Сабину было очень легко узнать по водопаду необыкновенно рыжих волос, оттеняющих бледный цвет кожи. Сегодня на ней было гиацинтово-синее платье, этот цвет подходил ей идеально. Девушка стояла, не говоря ни слова и не двигаясь, и Николь невольно подумала, до чего же красивая у нее падчерица, но тут же напомнила себе, что гадюка – тоже очень красивая змея.
Сабина повернулась, собираясь уйти, но Николь окликнула ее:
– Пожалуйста, не уходи, я хочу поговорить с тобой.
Всего только секунду девушка колебалась, выбирая между своей ненавистью и соблюдением правил приличия. В конце концов, она медленно двинулась по галерее к тому месту, где сидела мачеха. Она шла бесшумно, был слышен лишь шелест платья, все ее движения были грациозны, осторожны и хорошо отработаны, она походила на дикую кошку, готовую исчезнуть при малейшей опасности. Оказавшись шагах в двух от мачехи, Сабина замерла, а потом сделала легкий учтивый поклон, ее глаза при этом ни на секунду не отрывались от лица Николь.
– Да? – произнесла она.
Николь вдруг сообразила, что впервые она и Сабина оказались наедине, и у них есть возможность поговорить без свидетелей, и она улыбнулась девушке такой милой улыбкой, какую только ей удалось изобразить.
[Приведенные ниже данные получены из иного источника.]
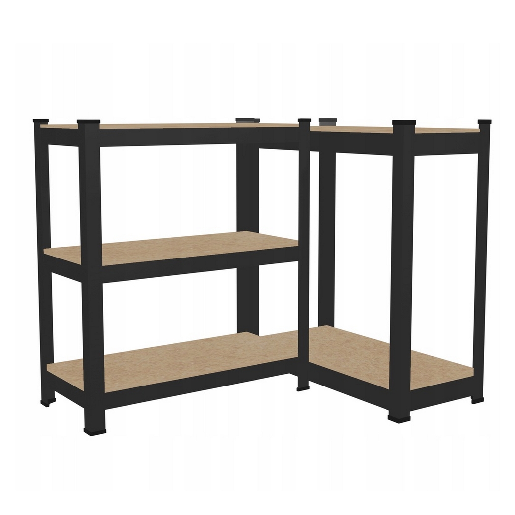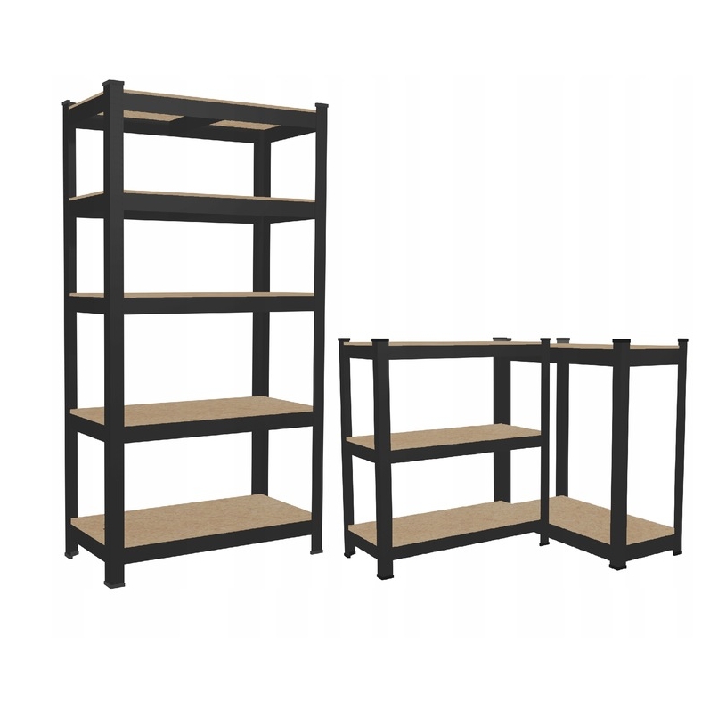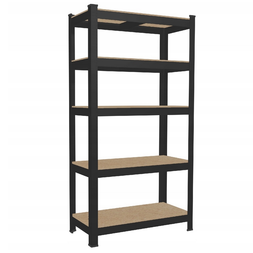 Funkcjonalny i stabilny regał magazynowy w kolorze czarnym, który znakomicie sprawdzi się w garażu, archiwum, sklepie, w schowku na narzędzia, piwnicy.

– Почему бы тебе не присесть? Если хочешь, мы можем перейти поближе к камину.
– Я прекрасно чувствую себя и стоя, – ответила Сабина, ее глаза продолжали все так же пристально изучать лицо мачехи. – Что вы хотите мне сказать?
– Я хочу поговорить о наших с тобой отношениях, – Николь посмотрела на нее, желая проверить реакцию девушки. Сабина неприязненно смотрела на нее.
– Наши отношения именно такие, какие должны быть между мачехой и падчерицей, разве не так? Я надеюсь, что вполне справлюсь с этим. Все, что от меня требуется, это относиться к вам с уважением. Разве я этого не делаю?
– Да, ты всегда вежлива со мной.
– Тогда, на что же вы жалуетесь?
У Николь с языка чуть не сорвалось: «Только на то, что ты пытаешься убить меня», но она удержалась от этого. Решив играть по правилам Сабины, она произнесла с совершенно бесстрастным выражением лица:
– Мне кажется, дорогая, что ты могла бы быть еще немножко повежливее.
– Что вы имеете в виду, мадам?
– А то, что ты могла бы скрывать свои интимные отношения с Карадоком более тщательно. Я просто удивлена, что девушка с таким умом, как у тебя, может быть столь небрежна.
И без того бледное лицо Сабины побледнело еще больше, и Николь поняла, что попала в точку: это был удар по ее самолюбию, и это задело ее гораздо больнее, чем тот факт, что мачеха знает о ее любовном увлечении.
Повисла неловкая тишина, девушка обдумывала ответ. Наконец, она сказала:
– Я нахожусь в том возрасте, когда можно выходить замуж, а значит, и вести половую жизнь. И я подумала, что не будет ничего плохого в том, что я сделаю это со слугой, – ведь так поступают многие дамы. Мало того, обычно эти отношения продолжаются и после того, как они выходят замуж. Но честно говоря, я думала, что скрываю их довольно хорошо. Что ж, заверяю вас, что это больше не повторится.
– Ты хочешь сказать, что бросишь его?
Светло-голубые глаза сверкнули ледяным холодом:
– То, что я собираюсь делать, вас не касается, не так ли? Я вполне взрослая, чтобы контролировать свои действия, и пока я вас не трогаю, вам незачем лезть в мою жизнь.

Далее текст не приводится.